Top of EXTRACTED RECORDS
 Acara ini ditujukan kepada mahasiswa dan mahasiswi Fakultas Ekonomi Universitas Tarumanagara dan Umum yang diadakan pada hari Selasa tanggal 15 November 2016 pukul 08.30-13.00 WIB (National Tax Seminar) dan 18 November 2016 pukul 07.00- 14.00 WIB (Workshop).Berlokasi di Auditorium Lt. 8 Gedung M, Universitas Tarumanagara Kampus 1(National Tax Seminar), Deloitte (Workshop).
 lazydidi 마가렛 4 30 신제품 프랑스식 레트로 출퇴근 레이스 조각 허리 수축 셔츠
Bottom of EXTRACTED RECORDS
Top of EXTRACTED RECORDS
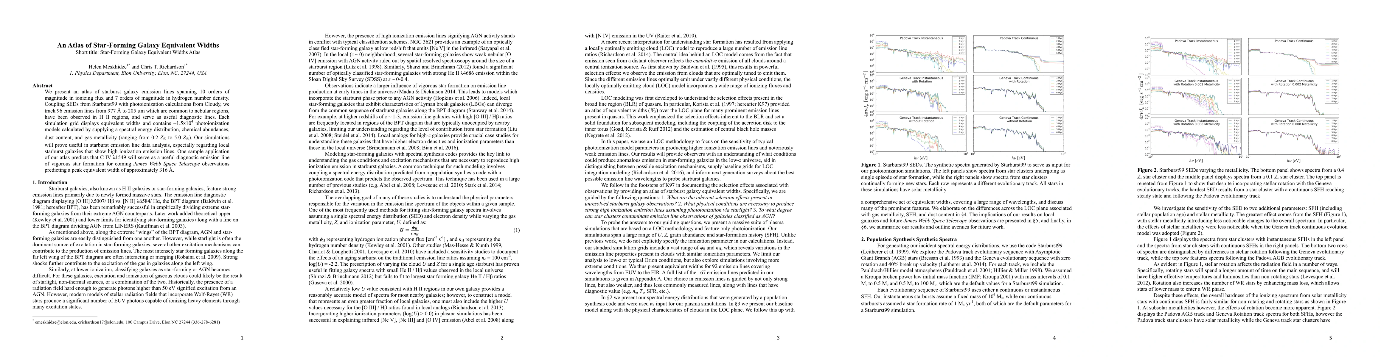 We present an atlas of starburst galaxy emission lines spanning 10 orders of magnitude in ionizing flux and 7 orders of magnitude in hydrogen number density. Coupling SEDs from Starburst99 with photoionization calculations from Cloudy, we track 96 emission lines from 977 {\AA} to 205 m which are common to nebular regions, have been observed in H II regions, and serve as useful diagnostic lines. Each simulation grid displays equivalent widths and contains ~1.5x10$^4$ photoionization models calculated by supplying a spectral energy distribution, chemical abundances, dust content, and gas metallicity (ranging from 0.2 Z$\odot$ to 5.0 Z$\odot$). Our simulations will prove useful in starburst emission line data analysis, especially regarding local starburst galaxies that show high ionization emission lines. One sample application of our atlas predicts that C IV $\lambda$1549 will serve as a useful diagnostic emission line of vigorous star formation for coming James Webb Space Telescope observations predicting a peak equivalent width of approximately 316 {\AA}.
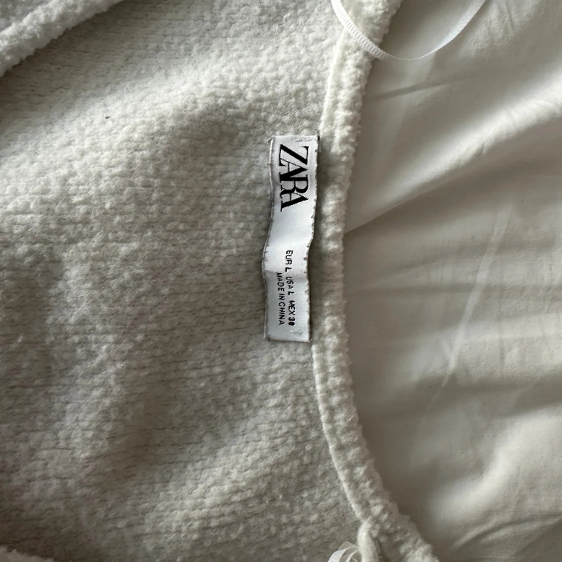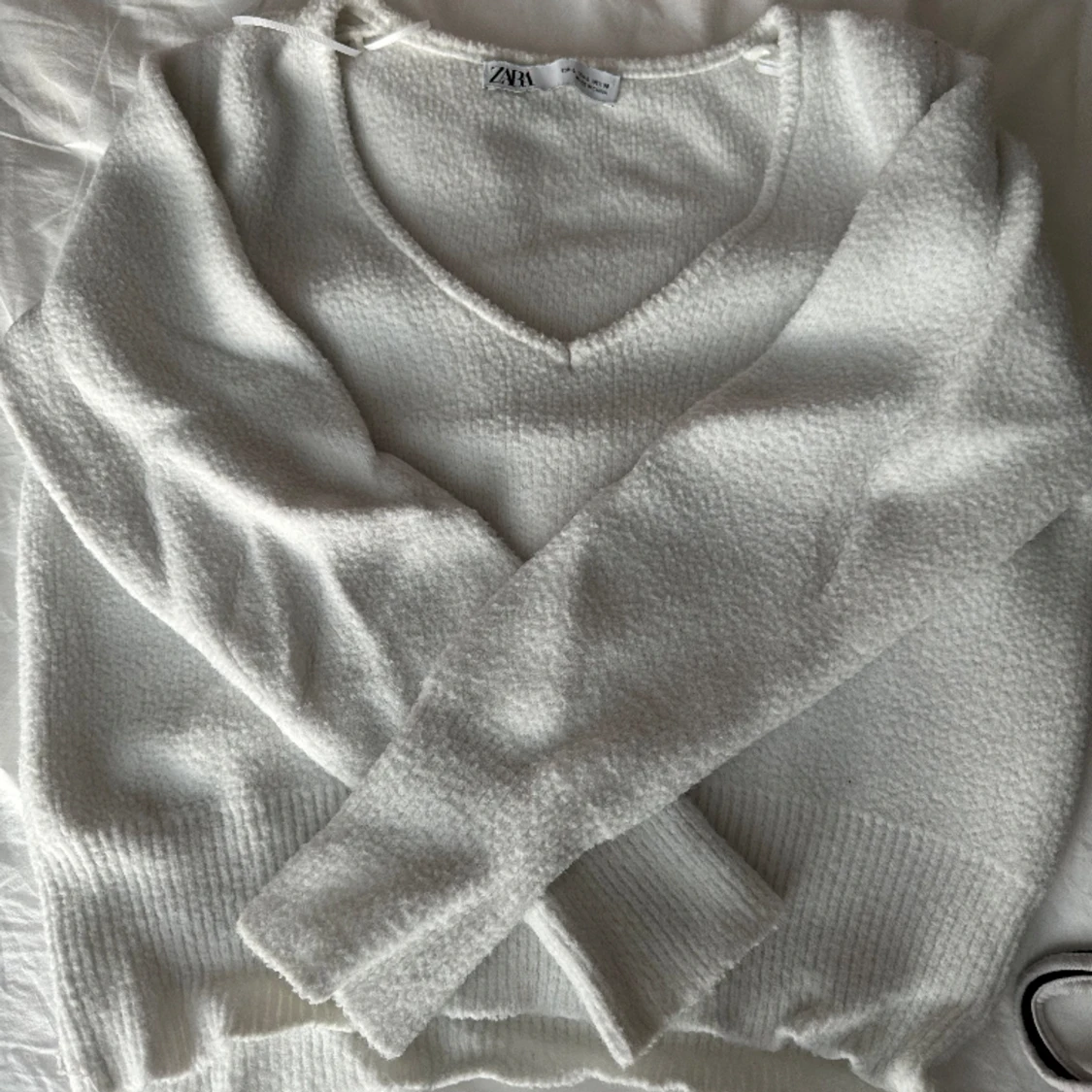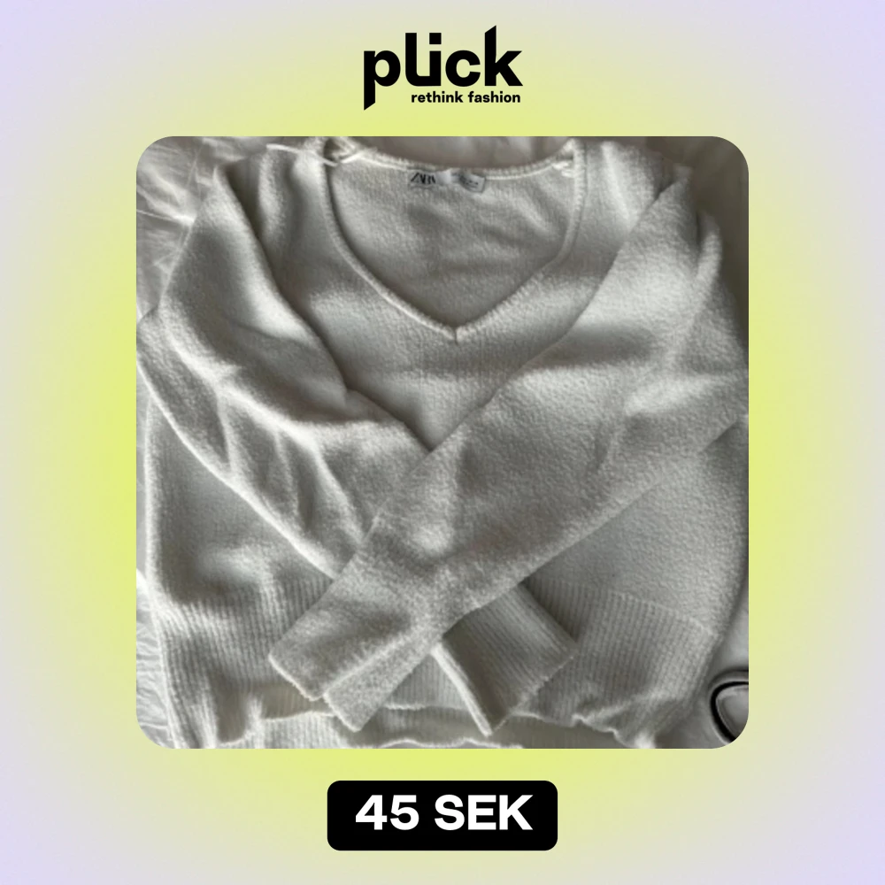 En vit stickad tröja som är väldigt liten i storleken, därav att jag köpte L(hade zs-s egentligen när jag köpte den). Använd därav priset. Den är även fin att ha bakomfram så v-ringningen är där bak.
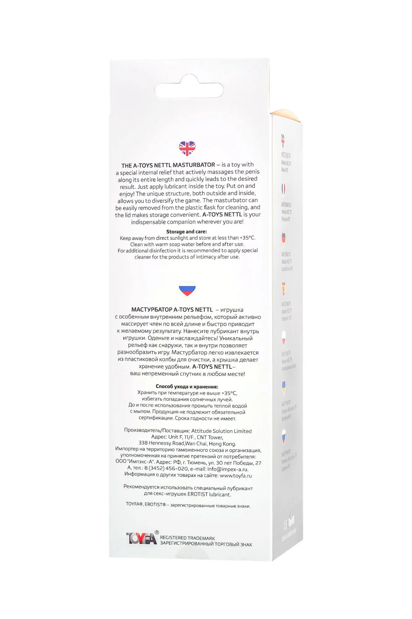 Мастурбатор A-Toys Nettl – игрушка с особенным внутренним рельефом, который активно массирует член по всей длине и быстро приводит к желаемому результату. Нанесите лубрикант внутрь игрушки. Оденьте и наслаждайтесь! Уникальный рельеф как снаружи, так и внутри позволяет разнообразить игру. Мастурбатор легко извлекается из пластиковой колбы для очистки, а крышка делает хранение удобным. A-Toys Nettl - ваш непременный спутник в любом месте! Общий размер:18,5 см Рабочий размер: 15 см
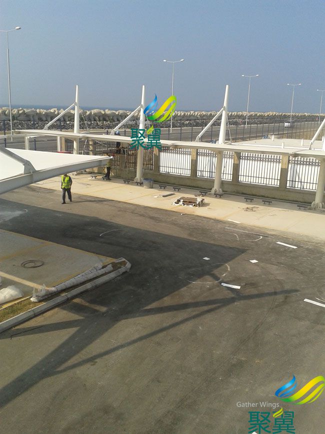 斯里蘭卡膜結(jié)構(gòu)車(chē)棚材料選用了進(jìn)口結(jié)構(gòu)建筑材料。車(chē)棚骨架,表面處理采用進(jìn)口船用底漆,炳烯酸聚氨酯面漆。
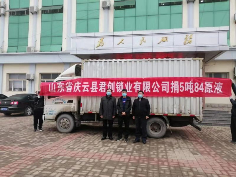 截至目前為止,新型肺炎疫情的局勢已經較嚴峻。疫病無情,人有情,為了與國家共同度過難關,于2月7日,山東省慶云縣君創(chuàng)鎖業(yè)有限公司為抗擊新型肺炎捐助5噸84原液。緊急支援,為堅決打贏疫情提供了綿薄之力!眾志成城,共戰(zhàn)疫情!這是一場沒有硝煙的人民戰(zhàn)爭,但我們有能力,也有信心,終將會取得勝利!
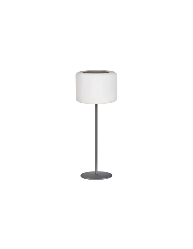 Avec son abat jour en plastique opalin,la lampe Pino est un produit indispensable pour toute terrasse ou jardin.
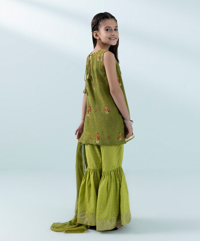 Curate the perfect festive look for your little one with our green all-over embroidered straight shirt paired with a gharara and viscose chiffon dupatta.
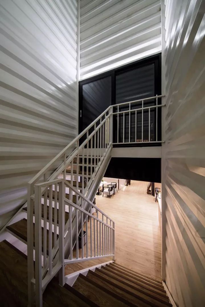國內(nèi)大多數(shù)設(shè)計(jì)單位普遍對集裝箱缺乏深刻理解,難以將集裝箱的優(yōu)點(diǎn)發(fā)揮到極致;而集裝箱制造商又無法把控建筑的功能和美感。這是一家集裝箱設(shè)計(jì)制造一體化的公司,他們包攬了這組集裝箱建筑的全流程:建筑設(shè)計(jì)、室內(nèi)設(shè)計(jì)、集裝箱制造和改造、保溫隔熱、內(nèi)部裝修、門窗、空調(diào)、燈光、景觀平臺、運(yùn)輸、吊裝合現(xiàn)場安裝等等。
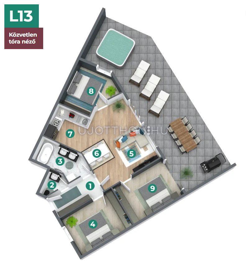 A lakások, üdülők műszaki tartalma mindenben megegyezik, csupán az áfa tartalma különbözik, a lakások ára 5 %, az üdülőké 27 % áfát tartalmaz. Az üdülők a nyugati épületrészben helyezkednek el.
Bottom of EXTRACTED RECORDS
_WHAT YOU WILL DO_:
Using the entries above, transcribe every line from the line containing "國內(nèi)大多數(shù" through the line containing "A lakások, üdülők". Do not copy pictures.

_SOLUTION_:
國內(nèi)大多數(shù)設(shè)計(jì)單位普遍對集裝箱缺乏深刻理解,難以將集裝箱的優(yōu)點(diǎn)發(fā)揮到極致;而集裝箱制造商又無法把控建筑的功能和美感。這是一家集裝箱設(shè)計(jì)制造一體化的公司,他們包攬了這組集裝箱建筑的全流程:建筑設(shè)計(jì)、室內(nèi)設(shè)計(jì)、集裝箱制造和改造、保溫隔熱、內(nèi)部裝修、門窗、空調(diào)、燈光、景觀平臺、運(yùn)輸、吊裝合現(xiàn)場安裝等等。
 A lakások, üdülők műszaki tartalma mindenben megegyezik, csupán az áfa tartalma különbözik, a lakások ára 5 %, az üdülőké 27 % áfát tartalmaz. Az üdülők a nyugati épületrészben helyezkednek el.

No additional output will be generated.